_Task data_
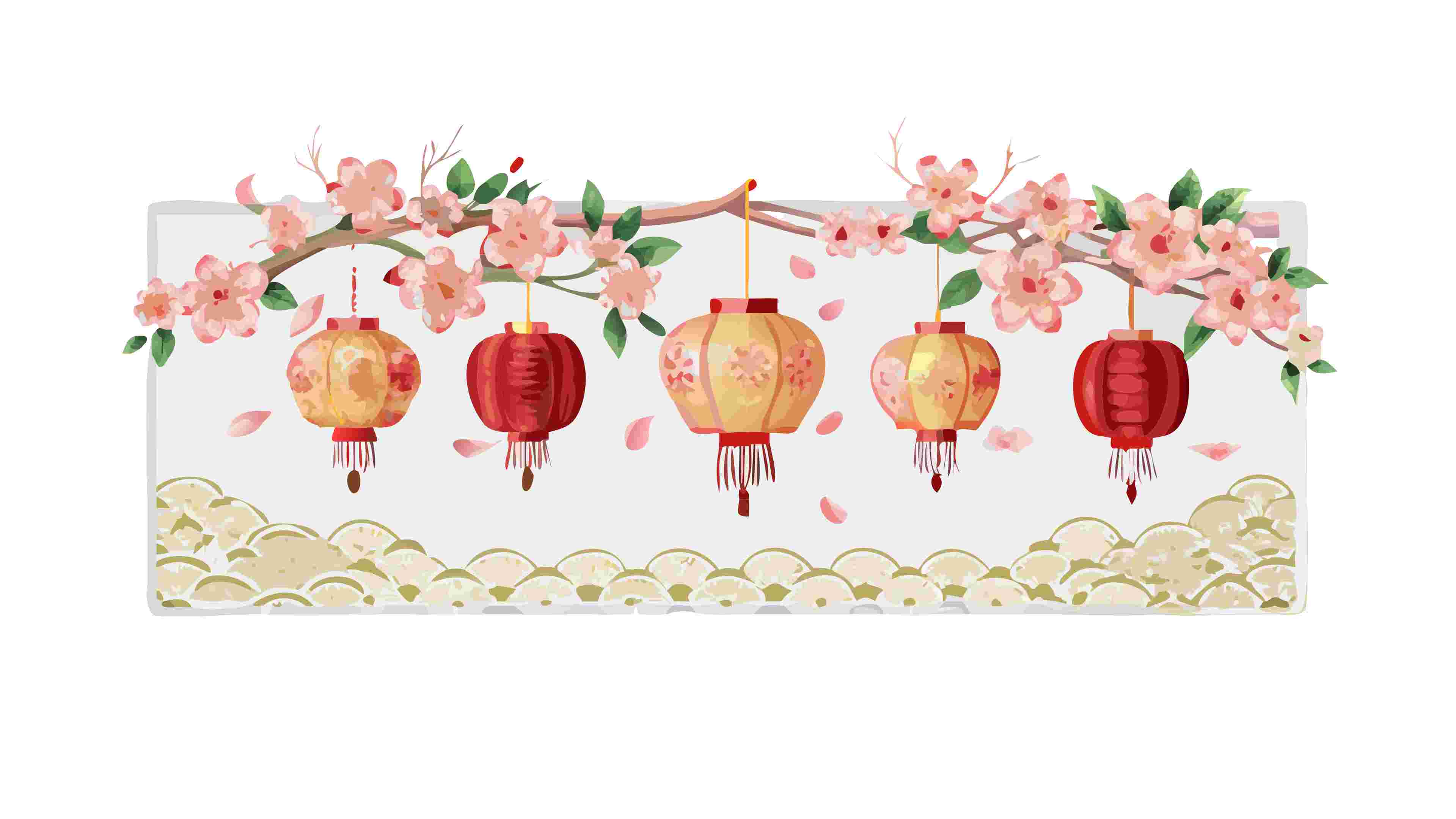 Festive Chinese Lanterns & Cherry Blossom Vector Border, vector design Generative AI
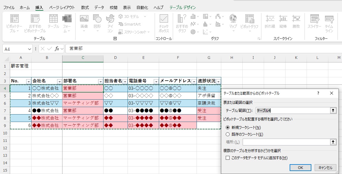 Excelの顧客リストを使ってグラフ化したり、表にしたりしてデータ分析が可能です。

---

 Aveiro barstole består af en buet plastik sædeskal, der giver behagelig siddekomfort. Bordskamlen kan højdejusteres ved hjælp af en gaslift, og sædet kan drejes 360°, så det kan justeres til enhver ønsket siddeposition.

_Assignment_
Output exactly the lines above that lie between the line with "Festive Chinese Lanterns" and the line with "Excelの顧客リストを使っ", those two lines included, and no pictures.

_Exercise result_
 Festive Chinese Lanterns & Cherry Blossom Vector Border, vector design Generative AI
 Excelの顧客リストを使ってグラフ化したり、表にしたりしてデータ分析が可能です。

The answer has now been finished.